I'm on a bit of a hiatus right now, but only to work on other projects -- one incredibly exciting example being the newly-released kids' science book series Things That Make You Go Yuck!
If you're a science and/or silliness fan, give it a gander! See you soon!

What’s the Not-So-Good Word?

Most people seem to want the last word in an argument; they consider that ‘winning’. That’s not how it works for me, though. I nearly always get the last word — but I’ve never won an argument in my life.

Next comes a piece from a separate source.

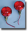 This pair of Auxiliary Tail Lights has 12 volt dual filament bulbs and is D.O.T. approved. The red lens is 4 inches in diameter. The lights stand 4 1/2 inches tall and are 2 3/4 inches thick. The mounting bolt is not adjustable and fits a 1/2 inch hole. These lights ground thru the body of the light and it has two power wires, one for each of the filaments in the bulb. Sold in pairs. |

Possibly, it changes things when the last word is ‘What?

“Maybe we’d be tussling over my room being dirty, or me coming home late after curfew, or whether the Replacements would rock Pink Floyd’s socks off.”

Take a typical disagreement with my parents when I was growing up, for instance. Maybe we’d be tussling over my room being dirty, or me coming home late after curfew, or whether the Replacements would rock Pink Floyd’s socks off. We’d go back and forth for a while, and things would get heated, and finally they’d say something like, ‘Don’t you remember what we told you about this last time?

And I’d say, ‘What?

And they’d just shake their heads sadly and walk away. I got in the last word, but I still lost the argument. All the last word got me was grounded, with a cut allowance. It doesn’t seem fair.

The same sort of thing happens at work, though. Occasionally, someone in the office will find some nit-picky piddly little thing or other to get on my case about. Like last week, for instance, when the boss found me sleeping in my underwear under my desk. Look, I was tired. It was hot. I don’t see the big deal, frankly.

Still, we had an hour-long and decidedly one-way ‘conversation’ in her office that ended with her saying, ‘You know, there’s a name for people like you.

And me saying, ‘What?

And she just shook her head sadly and walked away. She can’t ground me, exactly — but I suspect my ‘allowance’ might get docked for a few weeks. Some things never change, I suppose.

But I never expected my bad luck to bite me in the ass in my own house. Still, that’s just what happened. A couple of mornings ago, the wife and I got into a spirited discussion about whether or not she really couldn’t ‘believe it’s not butter’. I laid out the overwhelming evidence in favor of it actually being butter, but she was unmoved. And things got a little ugly. Until she finally got fed up, stormed to the door, looked back and said, ‘Guess what you’re not getting of for a month?

What?

And she shook her head sadly and walked away. She never did tell me what I wasn’t getting any of — was it dinner? Was it money? Was it bubble bath privileges? I suppose I’ll find out, but in the meantime it’s clear that my ‘last word’ didn’t win me that argument. Not if sleeping on the living room couch at night is any indication, anyway.

Still. Deep in her heart, way deep down, I know she knows its really butter. I’ll have the last laugh — and not just the last word — in this one yet.